Supplied data:
<<<<

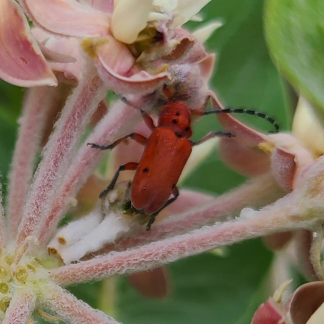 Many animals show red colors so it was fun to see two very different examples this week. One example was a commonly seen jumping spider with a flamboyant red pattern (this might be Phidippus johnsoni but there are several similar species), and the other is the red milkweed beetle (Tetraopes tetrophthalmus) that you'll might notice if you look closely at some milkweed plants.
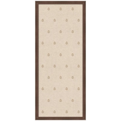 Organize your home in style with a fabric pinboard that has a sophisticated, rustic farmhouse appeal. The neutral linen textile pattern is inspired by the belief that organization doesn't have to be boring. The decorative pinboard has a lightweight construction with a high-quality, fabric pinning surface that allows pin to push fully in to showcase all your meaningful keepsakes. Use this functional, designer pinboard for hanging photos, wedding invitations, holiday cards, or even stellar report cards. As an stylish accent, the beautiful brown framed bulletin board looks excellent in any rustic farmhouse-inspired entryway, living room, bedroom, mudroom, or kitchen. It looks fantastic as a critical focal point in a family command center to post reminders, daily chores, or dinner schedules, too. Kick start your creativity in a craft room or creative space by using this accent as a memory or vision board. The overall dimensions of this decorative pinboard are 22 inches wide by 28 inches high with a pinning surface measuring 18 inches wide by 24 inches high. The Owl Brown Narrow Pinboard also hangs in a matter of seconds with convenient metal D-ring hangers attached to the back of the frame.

>>>>
<<<<

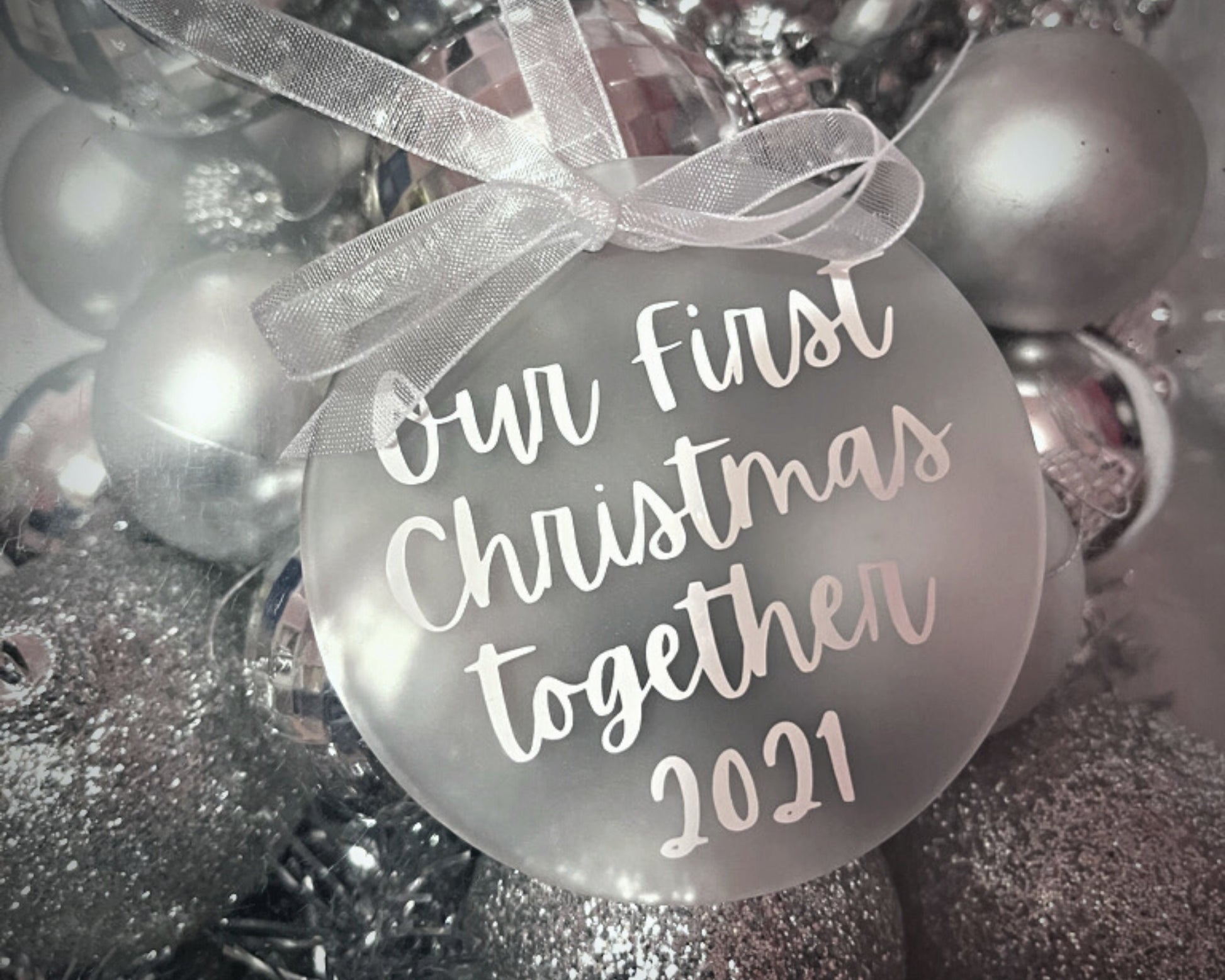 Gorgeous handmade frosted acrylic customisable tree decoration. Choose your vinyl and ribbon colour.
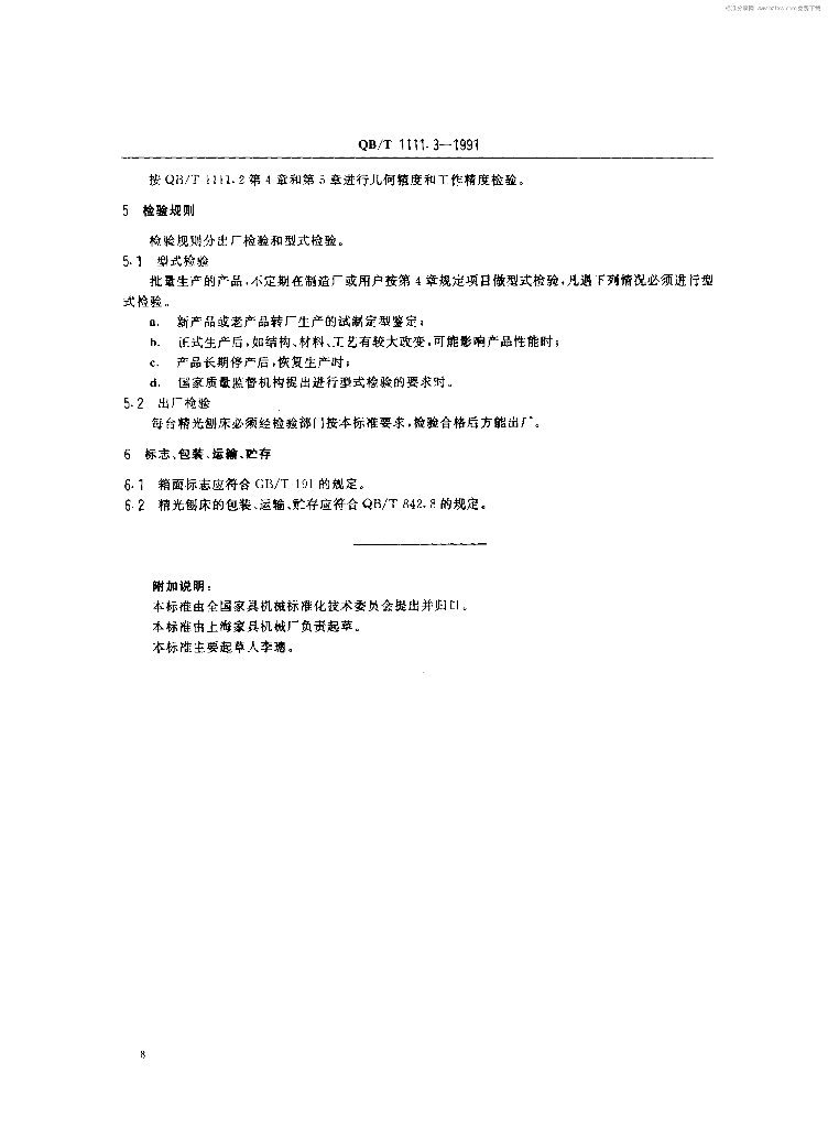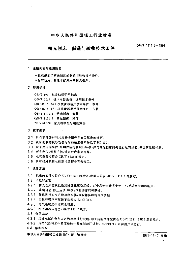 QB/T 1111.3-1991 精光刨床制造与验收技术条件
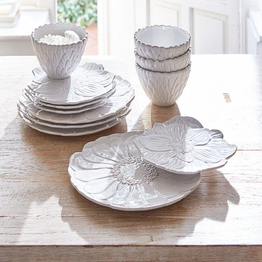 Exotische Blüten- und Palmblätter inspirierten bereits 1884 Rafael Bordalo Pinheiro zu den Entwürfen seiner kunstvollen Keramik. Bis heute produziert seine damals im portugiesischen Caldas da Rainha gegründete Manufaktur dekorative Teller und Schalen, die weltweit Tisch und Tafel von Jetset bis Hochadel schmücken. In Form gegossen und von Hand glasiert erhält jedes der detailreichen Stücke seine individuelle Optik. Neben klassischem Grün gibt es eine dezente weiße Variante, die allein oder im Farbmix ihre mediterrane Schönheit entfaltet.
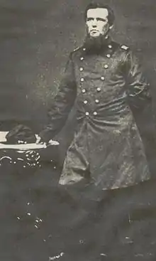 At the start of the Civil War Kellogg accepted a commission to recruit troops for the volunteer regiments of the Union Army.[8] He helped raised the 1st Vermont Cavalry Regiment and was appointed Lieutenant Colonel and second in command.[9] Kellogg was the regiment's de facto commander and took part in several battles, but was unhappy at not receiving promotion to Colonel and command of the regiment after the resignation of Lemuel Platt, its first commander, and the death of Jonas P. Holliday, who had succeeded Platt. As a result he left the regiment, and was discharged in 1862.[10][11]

>>>>

From the records above, copy only the lines running from the line holding "Gorgeous handmade frosted" through the line holding "QB/T 1111.3-1991 精光刨床制造与验收技术条件", with no pictures.

Exercise response:
 Gorgeous handmade frosted acrylic customisable tree decoration. Choose your vinyl and ribbon colour.
 QB/T 1111.3-1991 精光刨床制造与验收技术条件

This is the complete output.